2. The method of claim 1, wherein, Extract user expression pattern data and rhythm preference data, including: Natural language processing techniques are used to segment, tag, and semantically label the dialogue text in the historical dialogue records, and a feature vector library of user dialogue text is constructed. Based on the feature vector library, user expression pattern data containing user high-frequency vocabulary, sentence structure type, expression redundancy features, frequency of use of professional terms, and occurrence patterns of ambiguous words are extracted. Based on historical dialogue records indexed by time sequence, rhythm preference data is extracted, which includes the distribution of character length of a user's single statement, the time interval between user responses in two adjacent rounds of dialogue, the difference in response time for different types of questions, and the pattern of when users initiate dialogue. The rhythm preference data is then smoothed using a sliding window algorithm to obtain optimized rhythm preference data.

3. The method according to claim 1, characterized in that, Generate user reaction sequences and emotion fluctuation sequences, including: The expression pattern data and rhythm preference data are serialized using a long short-term memory network to generate user response sequence data. Based on the user response sequence data, changes in the user's lexical sentiment values ​​are tracked to generate emotion fluctuation sequence data. The changes in the user's response patterns during multi-turn dialogues are analyzed using the emotion fluctuation sequence data, and the user expression pattern database is updated based on these changes. The updated user expression pattern database is then used to summarize and generate the user response sequence and the emotion fluctuation sequence.

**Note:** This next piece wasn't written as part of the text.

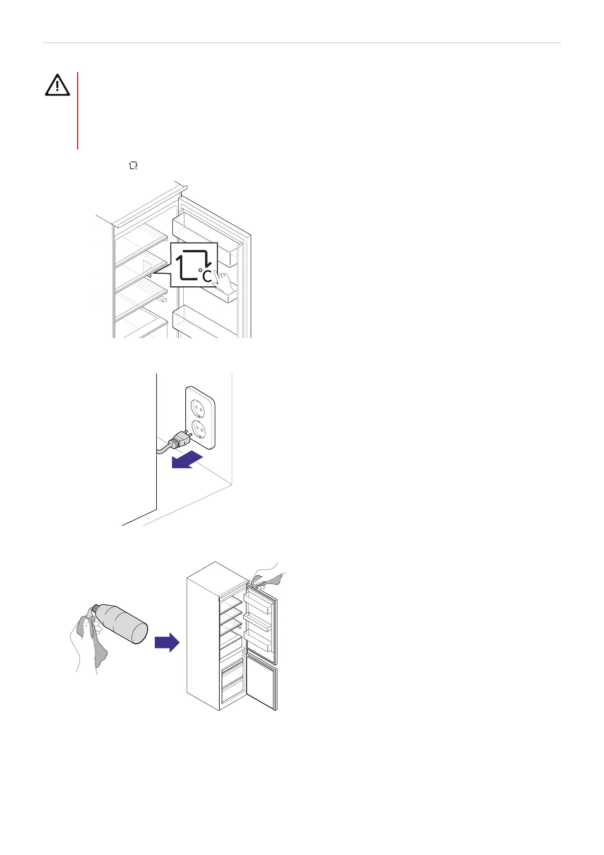 • Unplug the fridge freezer before cleaning. There is a risk of electric shock.

4. The method according to claim 1, characterized in that, To determine the trend of user intent confidence assessment, including: If the comprehensive impact data exceeds the preset impact threshold, the comprehensive impact data is combined with the associated user cooperation willingness intensity level cross-cycle change value and the change rate of the number of knowledge blind spot annotation information to construct a multi-dimensional feature vector. After normalization preprocessing, it is input into the support vector machine model for classification processing. The evolution law data of user cooperation willingness intensity level is determined through the classification processing results. Identify the nonlinear change characteristics of the evolution data, input the nonlinear change characteristics into a pre-established trend prediction model, and generate the probability distribution of the next round of user intention confidence falling into the high, medium, and low confidence intervals as the prediction result of the segmented evaluation; judge the trend of the user intention confidence evaluation based on the prediction result.

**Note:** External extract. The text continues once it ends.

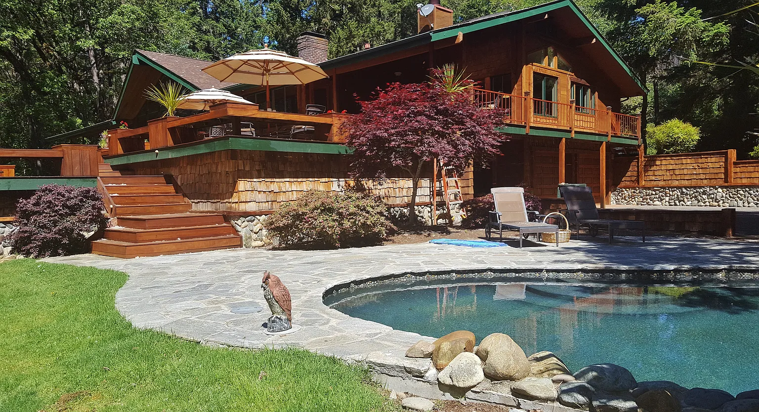 Spectacular Luxury Park Like Estate on the Rogue River! This Luxury Estate feat. over 5800 sqft. that overlooks the majestic river from the second you go through the grand entry & living room all the way through to the multi-level tiger wood deck. Mature landscape, trees & medium to low bank manicured/irrigated lawns roll into one of the finest Salmon/Steelhead stretches on the Rogue just downstream from Pierce Rifle Park. This exclusive home & property is truly one of the finest riverfront acreages in Southern Oregon. This magnificent home has rustic beams, tiger wood flrs, vaulted cedar ceilings w/floor to ceiling picture windows, granite counters, wet bar, wine cellar, river rock accents, stone fireplace surrounds, tile shower/bathrooms, skylights, commercial style kitchen & appliances, gaming area, fitness room, lagoon style pool w/water feat., paved drive, portico front entry, security gate, full sized shop, RV Pkg w/50 amp power & full hook up. Detached guest quarters/art studio.

5. The method according to claim 1, characterized in that, Generate ambiguity markers and clarification path templates, including: If the trend of the user intent confidence assessment shows that the granularity of the user's ambiguous expression is increasing, then the guidance strength of the multi-round intent clarification sequence is enhanced by the real-time adjustment module; adjusted real-time expression ambiguity labeling data is generated based on the enhanced guidance strength, and the real-time expression ambiguity labeling data is used as the expression ambiguity label. Based on the aforementioned ambiguity markers, a dialogue template for dynamic switching of clarification paths is generated, and the dialogue template is used as the clarification path template. The distribution of ambiguity in multi-turn dialogues is analyzed through the clarification path template, the clarification path template database is updated according to the distribution data, and the guidance strategy in the next round of dialogue is optimized using the updated clarification path template database.

6. The method according to claim 1, characterized in that, Based on the matching results, optimize the hierarchical progression strategy and problem boundary narrowing strategy for guiding questions, including: The control intensity change amplitude is clustered to generate grouping results for question type classification. The control intensity change amplitude sequence arranged in time sequence is used as input, and the linear regression method is applied to fit the change trend line. The change trend of question type classification statistics in time sequence dimension is analyzed in combination with the grouping results. If the slope of the trend line of the changing trend is greater than the preset slope threshold, it is determined to be effective guidance timing data, and the effective guidance timing data is used as the effective guidance timing. For the effective guidance opportunity, similar scene data is extracted from historical dialogue records. The similar scene data is grouped and processed using the K-means clustering algorithm to determine the scene subset with the highest similarity to the current effective guidance opportunity. The user response sequence of the scene subset and the current user behavior sequence are input into the support vector machine model for classification processing, and the sequence similarity score is calculated to obtain the matching result. The matching results are used to determine the degree of fit between the current user behavior and the similar scene data. Based on the degree of fit, non-linear change features are extracted from the matching results, and the trend prediction model is used to determine the trend of user intent confidence. Based on the trend of confidence, the hierarchical progression strategy of guiding questions is optimized. At the same time, based on the optimized hierarchical progression strategy of guiding questions, a framework for gradually narrowing the problem boundary is constructed, and the problem boundary narrowing strategy is generated.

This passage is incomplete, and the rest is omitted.